[13]:
%load_ext autoreload
%autoreload 2
%matplotlib inline
The autoreload extension is already loaded. To reload it, use:
%reload_ext autoreload
Create minimal model input¶
- Takes the flights data
- Processes the schedule/realized datetimes and computes the delay in seconds
- Remove observations with unknown prediction targets
- Write prediction target with minimal feature set to CSV
Parameters¶
- input_file: Filepath of flights data in format received from Schiphol
- output_file: Filepath to write output csv file with minimal modelling input
Returns¶
Output CSV file written to output_file with minimal model input
Example output,
id | aircraftRegistration | airlineCode | terminal | serviceType | scheduleDateTime | actualOffBlockTime | scheduleDelaySeconds
124257473326719795 | PHEXI | 80.0 | 2.0 | J | 2018-05-01 16:35:00+02:00 | 2018-05-01 16:58:16+02:00 | 1396.0
124538476600837715 | PHEXL | 2481.0 | 1.0 | J | 2018-06-10 13:00:00+02:00 | 2018-06-10 13:11:25+02:00 | 685.0
123512829091050355 | PHBQO | 100.0 | 2.0 | J | 2018-01-15 10:15:00+01:00 | 2018-01-15 10:35:10+01:00 | 1210.0
123786805997701057 | PHEXG | 2481.0 | 1.0 | J | 2018-02-23 17:45:00+01:00 | 2018-02-23 17:55:52+01:00 | 652.0
124664922607744671 | PHBXP | 1551.0 | 2.0 | J | 2018-06-28 20:50:00+02:00 | 2018-06-28 22:09:23+02:00 | 4763.0
File parameters¶
[14]:
# input parameters cell
input_file = "../lvt-schiphol-assignment-snakemake/data/raw/flights.csv"

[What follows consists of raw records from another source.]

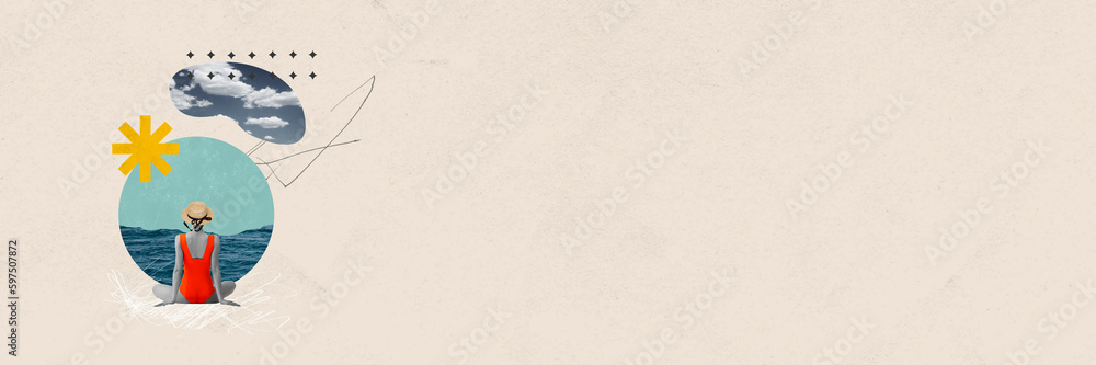 Dreams and relaxation. Young girl in red swimsuit and straw hat sitting near sea on sunny day. Contemporary art collage. Concept of summertime holidays, inspiration, travel. Banner. Copy space for ad
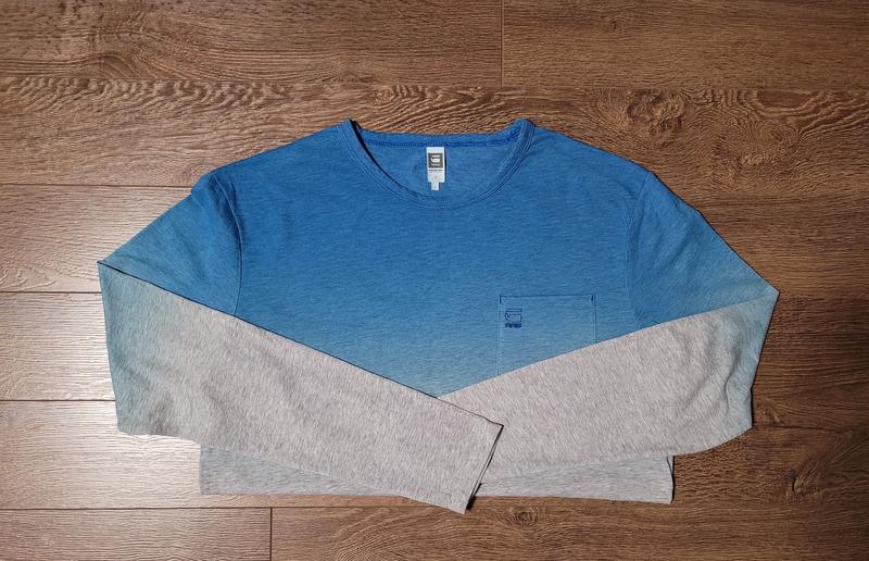 Лонгслів голландського бренда G-Star Raw, колір: поєднання сірого та синього меланжу, розмір L (аломірить на М), склад: 60% котон, 40% поліестер, виробництво Бангладеш, виміри (п/об'єм 56, плечі 48, довжина рукава за зовнішнім швом 67, по внутрішньому 52, довжина виробу 72). Стан нового.
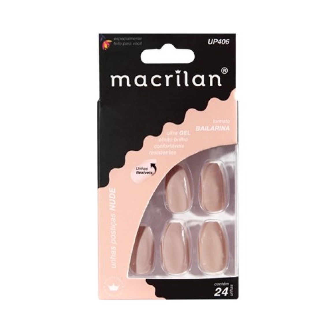Unhas Postiças UP406 estilo bailarina Macrilan cor Nude
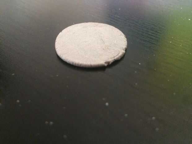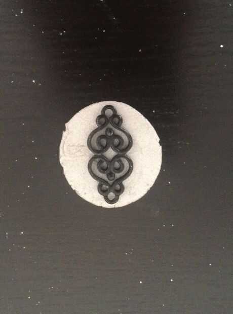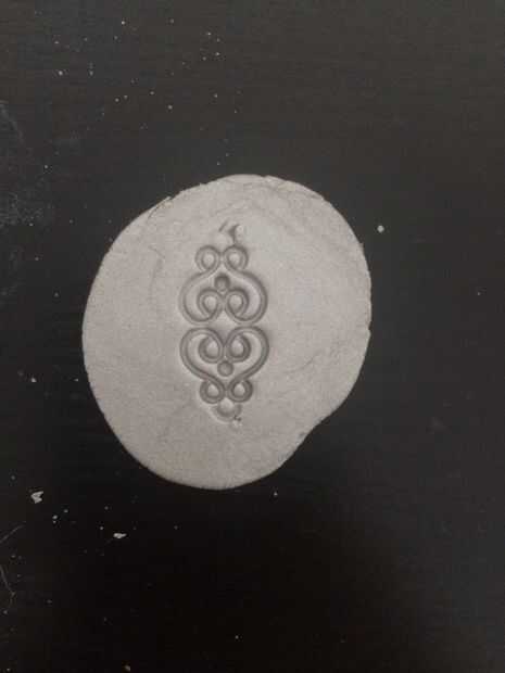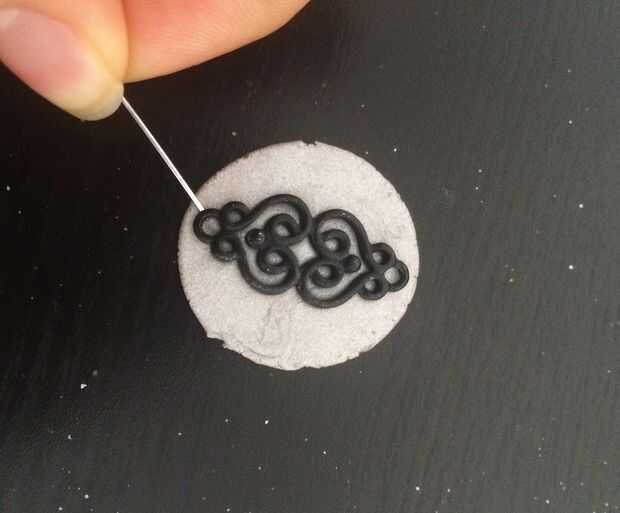 Tomar un trozo de arcilla y aplanar hacia fuera sobre la superficie. Entonces tome su grano y oprima sobre la arcilla. Tomar con una aguja.
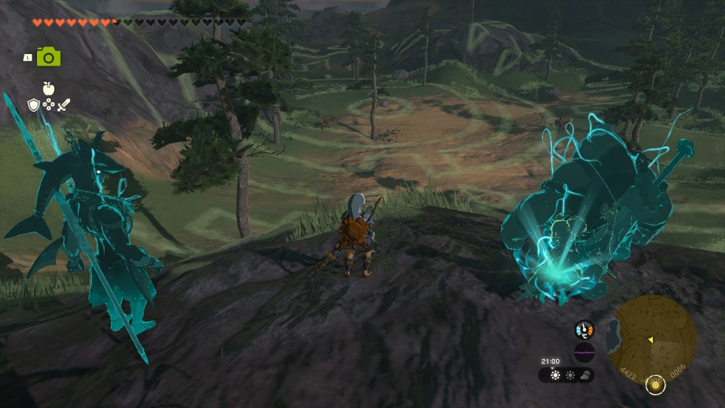 Me crucé con algún monstruo grande mientras me dirigí a activar las raíces bajo los santuarios. Asalté los diversos campamentos de monstruos para acumular zonnanio y continué activando raíces. Encontré una mina con grandes cantidades de zonnanio y en ella hallé un cofre con el pantalón de los Cielos. Me encontré con un campamento del Clan Yiga y obtuve su esquema. También combatí con Gólems Cúbicos de diverso rango. Me crucé con varios monstruos grandes más y activé otra raíz. Mientras me dirigía a la siguiente tuve que enfrentarme a un Centaleón plateado acorazado. Por suerte tenía poderosas armas que le infligían un gran daño, pero sus ataques eran realmente peligrosos. Me quedaban pocas raíces, derroté a algunos enemigos más y las terminé activando todas, no sin antes asaltar una nueva base del Clan Yiga.
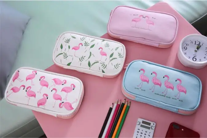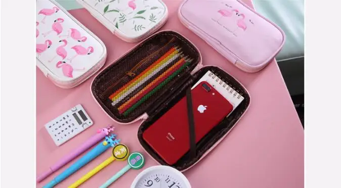 1pc Flamingo PU Zipper Multi-Function Stationery Box Student Large-Capacity Pencil Bag Children'S Storage Pencil Bag School Supplies
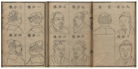 Facial angles for portraiture from Pictorial Compendium of the Three Powers, 1609. Woodblock prints on paper. Photo: Courtesy of München, Bayerische Staatsbibliothek.

output_file = "processed_flights.csv"
Imports¶
[15]:
import pandas as pd
import numpy as np
import sys
sys.path.append("../")
from src.data.google_storage_io import read_csv_data, write_csv_data
Utility functions¶
[16]:
def missing_values_percentages(df):
"""Calculate summary of missing values per column"""
percent_missing = df.isnull().sum() * 100 / len(df)
missing_value_df = pd.DataFrame({'column_name': df.columns,
'percent_missing': percent_missing})
missing_value_df = missing_value_df.sort_values('percent_missing', ascending=False)
return missing_value_df
def check_col_singular(x):
"""check if pd.Series contains more than 1 unique value excluding NaN"""
return x.dropna().nunique() <= 1
def drop_singular_columns(df, verbose=False):
"""Drop DataFrame columns with 1 or fewer unique values excluding NaN"""
col_singular = df.apply(check_col_singular, axis=0)
if verbose:
n_singular = sum(col_singular)
print(f"Dropping {n_singular} columns")
print(f"{col_singular[col_singular].index}")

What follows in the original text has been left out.